In the same realm, the Adaptive Reconstruction and Development Approach recognises that uncertainty is an intrinsic quality of post-conflict complex systems, not a result of imperfect knowledge or inadequate planning or implementation. One of the core elements of this Systems Thinking approach that is informed by complexity theory is a recognition that our ability to fully know complex systems is inherently limited. For us in the field this implies a recognition that tools such as rapid conflict analysis or needs assessments, while necessary and important, can never generate a fully accurate understanding of a conflict-affected social system.

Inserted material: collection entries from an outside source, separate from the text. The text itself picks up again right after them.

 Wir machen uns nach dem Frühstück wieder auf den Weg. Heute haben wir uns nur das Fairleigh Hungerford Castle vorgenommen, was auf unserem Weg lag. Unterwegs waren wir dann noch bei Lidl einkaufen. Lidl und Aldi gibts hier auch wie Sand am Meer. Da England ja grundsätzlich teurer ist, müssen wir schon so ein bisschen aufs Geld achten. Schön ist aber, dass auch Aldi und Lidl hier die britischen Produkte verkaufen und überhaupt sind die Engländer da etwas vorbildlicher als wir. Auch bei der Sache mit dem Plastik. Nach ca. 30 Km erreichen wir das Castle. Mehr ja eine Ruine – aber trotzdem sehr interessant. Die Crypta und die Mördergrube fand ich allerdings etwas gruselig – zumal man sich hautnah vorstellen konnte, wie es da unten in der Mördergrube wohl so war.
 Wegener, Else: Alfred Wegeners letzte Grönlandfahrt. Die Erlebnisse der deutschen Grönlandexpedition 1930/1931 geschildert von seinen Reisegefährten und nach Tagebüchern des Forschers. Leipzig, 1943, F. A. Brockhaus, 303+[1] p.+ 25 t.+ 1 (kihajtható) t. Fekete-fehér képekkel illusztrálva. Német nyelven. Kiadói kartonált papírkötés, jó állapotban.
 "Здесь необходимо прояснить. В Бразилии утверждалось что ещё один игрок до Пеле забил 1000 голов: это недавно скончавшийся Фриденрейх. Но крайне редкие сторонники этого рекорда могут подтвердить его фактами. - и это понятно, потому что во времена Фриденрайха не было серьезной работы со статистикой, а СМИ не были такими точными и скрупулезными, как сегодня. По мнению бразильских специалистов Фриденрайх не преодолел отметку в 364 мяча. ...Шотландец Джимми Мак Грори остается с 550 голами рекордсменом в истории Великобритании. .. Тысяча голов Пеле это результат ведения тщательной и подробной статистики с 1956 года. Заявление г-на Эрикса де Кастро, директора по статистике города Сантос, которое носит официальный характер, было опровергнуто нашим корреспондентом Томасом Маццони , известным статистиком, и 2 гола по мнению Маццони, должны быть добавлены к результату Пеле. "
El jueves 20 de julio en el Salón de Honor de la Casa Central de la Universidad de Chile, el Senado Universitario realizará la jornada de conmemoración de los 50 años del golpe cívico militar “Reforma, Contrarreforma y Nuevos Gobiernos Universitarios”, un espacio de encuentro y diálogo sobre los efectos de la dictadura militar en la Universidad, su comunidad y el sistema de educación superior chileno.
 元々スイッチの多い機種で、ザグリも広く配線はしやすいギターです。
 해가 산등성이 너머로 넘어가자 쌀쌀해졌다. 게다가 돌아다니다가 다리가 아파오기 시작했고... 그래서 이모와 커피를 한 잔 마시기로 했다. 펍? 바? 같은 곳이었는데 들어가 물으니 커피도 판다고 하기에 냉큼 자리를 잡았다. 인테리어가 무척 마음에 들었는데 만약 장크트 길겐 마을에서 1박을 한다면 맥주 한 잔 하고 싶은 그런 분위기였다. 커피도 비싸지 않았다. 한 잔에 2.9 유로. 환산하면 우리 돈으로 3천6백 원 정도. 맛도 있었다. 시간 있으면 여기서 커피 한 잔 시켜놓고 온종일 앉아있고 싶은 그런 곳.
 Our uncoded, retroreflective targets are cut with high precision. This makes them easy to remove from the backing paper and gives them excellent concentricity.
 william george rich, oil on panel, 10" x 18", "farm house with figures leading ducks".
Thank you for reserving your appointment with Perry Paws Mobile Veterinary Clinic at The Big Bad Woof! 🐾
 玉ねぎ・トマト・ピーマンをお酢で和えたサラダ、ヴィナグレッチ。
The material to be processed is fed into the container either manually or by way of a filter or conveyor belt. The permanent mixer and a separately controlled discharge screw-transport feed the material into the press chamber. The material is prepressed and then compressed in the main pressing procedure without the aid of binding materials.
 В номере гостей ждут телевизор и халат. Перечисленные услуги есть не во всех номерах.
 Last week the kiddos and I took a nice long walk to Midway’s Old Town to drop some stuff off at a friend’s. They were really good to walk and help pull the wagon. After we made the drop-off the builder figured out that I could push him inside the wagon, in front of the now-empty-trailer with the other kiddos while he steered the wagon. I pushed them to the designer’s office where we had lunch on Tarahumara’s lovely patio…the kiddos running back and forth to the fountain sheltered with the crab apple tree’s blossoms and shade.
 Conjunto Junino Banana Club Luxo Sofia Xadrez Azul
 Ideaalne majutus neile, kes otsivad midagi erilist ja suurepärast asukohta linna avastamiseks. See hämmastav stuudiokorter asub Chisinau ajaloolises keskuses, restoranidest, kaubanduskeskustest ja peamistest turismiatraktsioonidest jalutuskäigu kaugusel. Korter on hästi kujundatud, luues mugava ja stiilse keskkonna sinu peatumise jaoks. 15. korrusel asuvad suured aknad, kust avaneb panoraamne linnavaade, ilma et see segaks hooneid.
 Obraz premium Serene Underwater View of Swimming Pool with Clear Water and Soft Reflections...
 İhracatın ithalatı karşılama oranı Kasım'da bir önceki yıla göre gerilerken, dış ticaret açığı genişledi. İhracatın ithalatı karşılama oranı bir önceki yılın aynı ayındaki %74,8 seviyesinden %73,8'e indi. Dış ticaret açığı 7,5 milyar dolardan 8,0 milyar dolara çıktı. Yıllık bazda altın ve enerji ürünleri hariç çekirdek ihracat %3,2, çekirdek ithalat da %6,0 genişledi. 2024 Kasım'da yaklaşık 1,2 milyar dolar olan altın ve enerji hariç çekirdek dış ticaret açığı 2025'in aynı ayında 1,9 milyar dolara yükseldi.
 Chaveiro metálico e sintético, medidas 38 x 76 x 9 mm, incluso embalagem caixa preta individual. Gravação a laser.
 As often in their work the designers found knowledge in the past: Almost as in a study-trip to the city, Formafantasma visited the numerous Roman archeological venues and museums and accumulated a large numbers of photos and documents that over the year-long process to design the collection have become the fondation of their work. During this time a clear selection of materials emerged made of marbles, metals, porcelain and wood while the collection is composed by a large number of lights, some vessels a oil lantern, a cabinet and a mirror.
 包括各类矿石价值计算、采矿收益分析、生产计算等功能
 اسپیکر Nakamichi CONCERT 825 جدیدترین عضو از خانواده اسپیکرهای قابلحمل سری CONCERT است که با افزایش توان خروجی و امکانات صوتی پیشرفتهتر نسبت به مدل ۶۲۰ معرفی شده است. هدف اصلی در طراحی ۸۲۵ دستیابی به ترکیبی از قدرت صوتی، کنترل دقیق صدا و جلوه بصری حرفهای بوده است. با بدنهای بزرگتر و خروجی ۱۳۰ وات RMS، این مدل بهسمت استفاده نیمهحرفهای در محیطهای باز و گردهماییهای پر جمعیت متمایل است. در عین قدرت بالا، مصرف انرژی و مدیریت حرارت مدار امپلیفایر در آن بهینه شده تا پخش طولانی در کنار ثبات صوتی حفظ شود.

Conceptually, it is difficult for us to measure something unless we know exactly what it is that has to be measured or indexed. It is hard to measure adaptive capacity (ability to deal with change) as it has psychological, cultural, technical, financial, social and political components. Other difficult questions need to be considered: What about deficit traps (similar to poverty traps but barriers could be economic, social, cultural, political or security and rule of law induced barriers? What are the minimum preconditions for overcoming the deficit and building capitals and stocks – political capital; security capital; social capital; economic capital; institutional capital? How does this affect post-conflict fragile states and, move them, gradually into resilience and coping capabilities?
In sum, successful reconstruction and development national policies and programmes require structures as adaptive and fluid as the contexts in which they operate. We all know that such policies and programmes are implemented in fragile and conflict affected environments, where conflict dynamics are not static and do not take a linear path. Programmes must swiftly, appropriately, and ably adjust to these changes to ensure they prevent, manage and mitigate conflict and build peace. Before programmes can adapt, however, they must be able to detect and diagnose environmental shifts. Yet, standard design, monitoring, and evaluation practices, including non-adaptive log frames and post-hoc evaluation methodologies, remain relatively inflexible and with little pay off.

* Dr Darim al-Bassam is former economic adviser at UNDP.